Obstructive bronchitis in children: symptoms and treatment

If obstructive bronchitis is diagnosed in children, treatment should be comprehensive. Bronchitis is a very common pathology of the respiratory system among children and adults. Most often, obstructive bronchitis is diagnosed in preschool children (from 1 to 6 years). In the absence of adequate treatment, inflammation and blockage of the bronchi can cause respiratory failure. What are the etiology, clinic and treatment of this disease?

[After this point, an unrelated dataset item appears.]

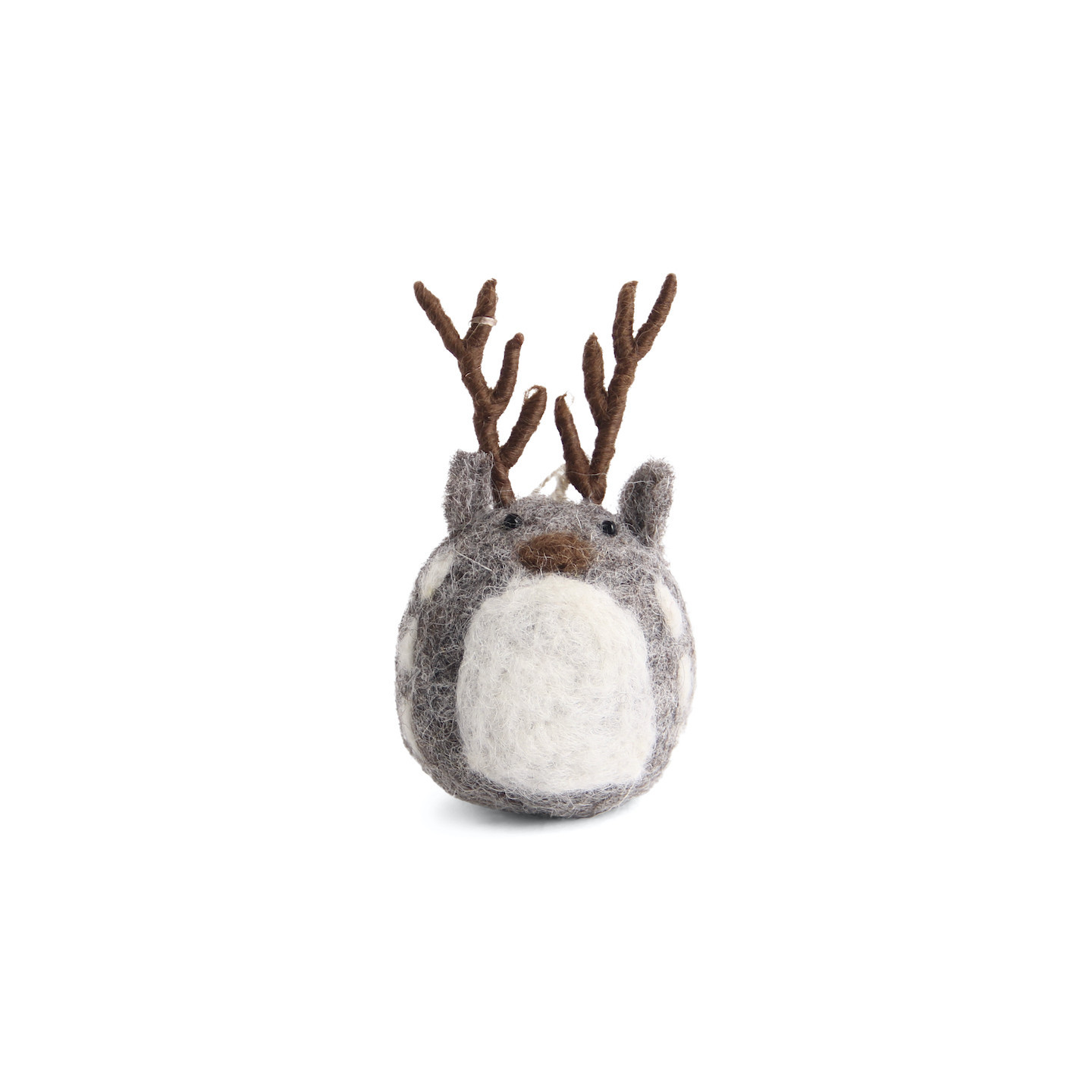 Petit renne gris en laine Gry & Sif, tout rond, tout mignon avec ses beaux bois dressés. Avec un petit fil, peut être suspendu comme décoration pour Noël, dans le sapin ou tout autre endroit qu'il pourra agrémenter ! 100% pure laine naturelle de Nouvelle Zélande, fait à la main au Népal. Hauteur : 10 cm.

Characteristics of obstructive bronchitis

Obstructive bronchitis is the inflammation of the bronchial mucosa of various etiologies (bacterial, viral, allergic), in which the permeability of the respiratory tube is impaired. The main cause of obstruction is the accumulation of large amounts of sputum. Often, bronchitis manifests itself bronchospastic syndrome, against which the bronchus clearance diminishes. Against the background of external and internal factors in bronchi, the following changes occur:

  • inflammation;
  • edema;
  • disruption of the ciliated epithelium of the bronchial mucosa and its partial death;
  • change in the composition of the secretion of bronchi and increase its viscosity;
  • stasis of secretion;
  • violation of ventilation.

There are 2 forms of the disease: acute and recurrent. In the latter case there is a repeated development of the disease on the background of pathology of the respiratory tract with influenza, ARVI.

Etiological factors

Bronchitis in a child occurs for various reasons. Most often it is a complication of other diseases. At the same time, inflammation of the upper parts of the respiratory system is first observed, then the inflammatory process spreads downward, reaching the bronchi and even lung tissue.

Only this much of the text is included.